Newark: Printed by Matthias Day, 1800.
A FIRST IN WOMEN'S AND BLACK SUFFRAGE. Title, 1-(456); i-(xxii); (1)-46. Errata sheet bound in. 1 vols. 8vo (signed in fours). Full contemporary sheepskin, border of blind-stamped dots on covers. Owners' signatures (one contemporary) and stamps. Some wear to joints and hinges, generally browned, dampstaining to preliminaries at gutter, else a very good, sturdy copy Evans 38263 (not noting Paterson's editorship); Felcone I 169; Felcone, Printing in New Jersey 1111. Item #34359
Notable on page 231, paragraph XI, is a reiteration of legislation originally set fourth in the New Jersey Constitution, in 1776, reading in part: “And be it enacted, That all free inhabitants of this state, of full age, who are worth fifty pounds proclamation money, and have resided within the county in which they claim a vote for twelve months immediately preceding the election, shall be entitled to vote for all public officers…”

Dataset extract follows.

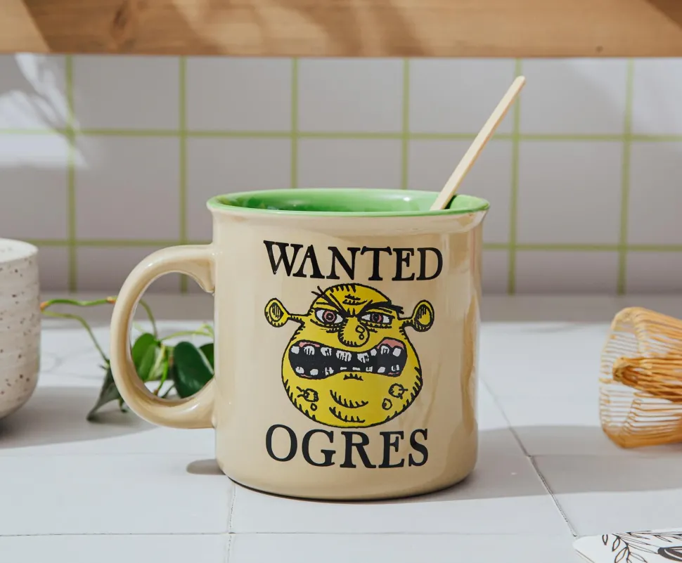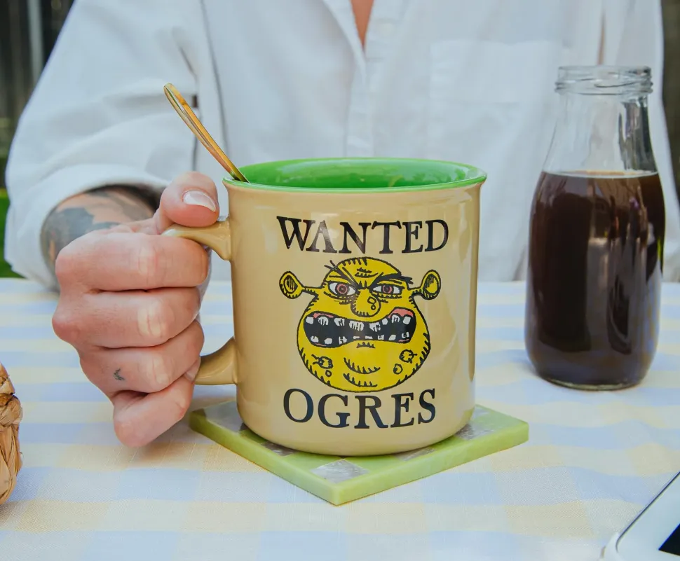 Take a whimsical journey to Far Far Away with this exclusive camper mug featuring the unforgettable ogre Shrek.

Once dismissed as a possible oversight or sloppy wording on the part of its framers, historians now believe that the phrase “all free inhabitants” intentionally extended the right to vote, not only to women, but to free blacks, as well as aliens. In addition, the act does include a property requirement, only that the person be worth “fifty pounds proclamation money,” which included cash. This short-lived legislation, which was rescinded in 1807, makes New Jersey the first state to extend the right to vote citizens regardless of race or gender.